As a young politician, how were you able to secure victory at the polls?

I won at three primaries and three general elections. I will say at the time it was transition elections, the two rounds of the governorship elections were ending and so people wanted different and I think that is the same thing that the PDP fell into, transition elections. So it was very hard work, lots of hardworking, there was a lot of violence, but I think the people were ready for a change and wanted something different. I think the people knew what they had and I’m not sure they like what they had and so they wanted to change, so the people came out enmasse and voted and I think that is the way that victory in elections go.

 

With the low participation of women in politics, what hope do you see for women in 2019?
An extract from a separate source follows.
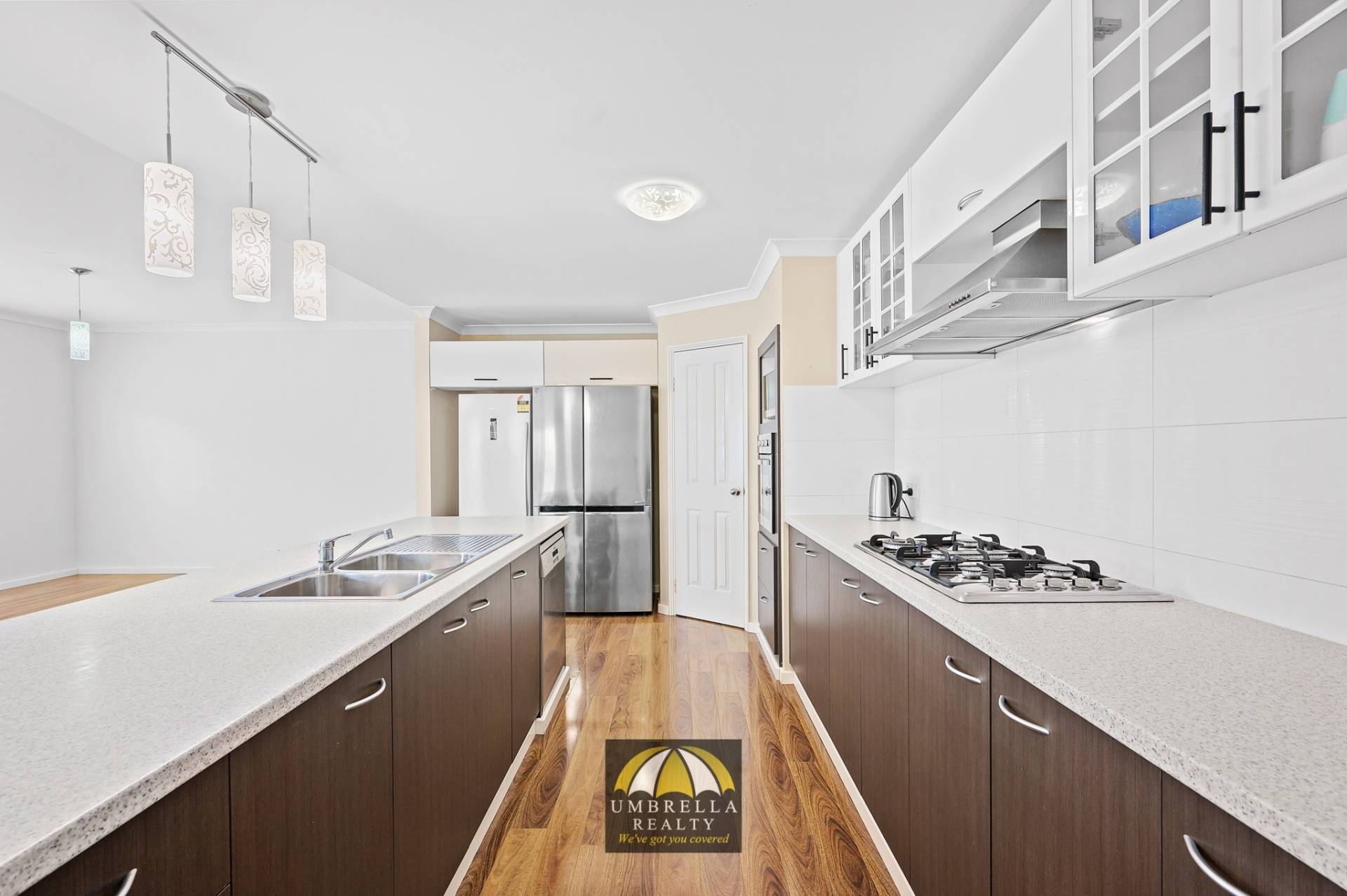 • Large kitchen offering gas cooktop, breakfast bar, double stainless steel sink and dishwasher;

Very tragic. I actually don’t see any hope because the environment is fraught with violence and we didn’t do anything about the violence, from Delta, Benue, to most of the constituencies where they had primary elections. Unfortunately, in an area of violence, women don’t thrive. When you see the number of women that came out in the process, you find out that this is the lowest in the history of Nigeria’s political space. Now the question becomes that after 18 years and four rounds of election, the assumption that our political space will be strengthened, deepened and the institutions and systems that guide politics and the conduct of elections will be stronger, but unfortunately what we find is that those structures, institutions are getting weaker. And again that takes us back to the Alectoral Act and for me it is very important, because the job of the National Assembly is that through its oversight we will look at laws appropriation and policies and the things that happen are the things that would normally drive and determine the amendments brought to any law. Now for us, after the 2015 elections, there were so many lacunas, there were certain things that had mitigated against the smooth running of those elections and as politicians we decided that our only instrument was the amendment of the electoral act. By that amendment, certain, things were brought up, violence. We found out that a lot of people actually proposed commissions against violence in elections, some proposed all kinds of amendments. We found out that because we have a largely illiterate population, the people know what they want, but they are probably not literate and so they can’t understand the difference between when you lump a candidate, with the consequences that the most important office in the country was not stand alone in such a way that gave Nigerians the opportunity to actually chose the President of their choice. Now, if there is a saying, that you will get the leadership you deserve, it means that at least the people should be given the opportunity to choose that leadership without being hoodwinked into doing that.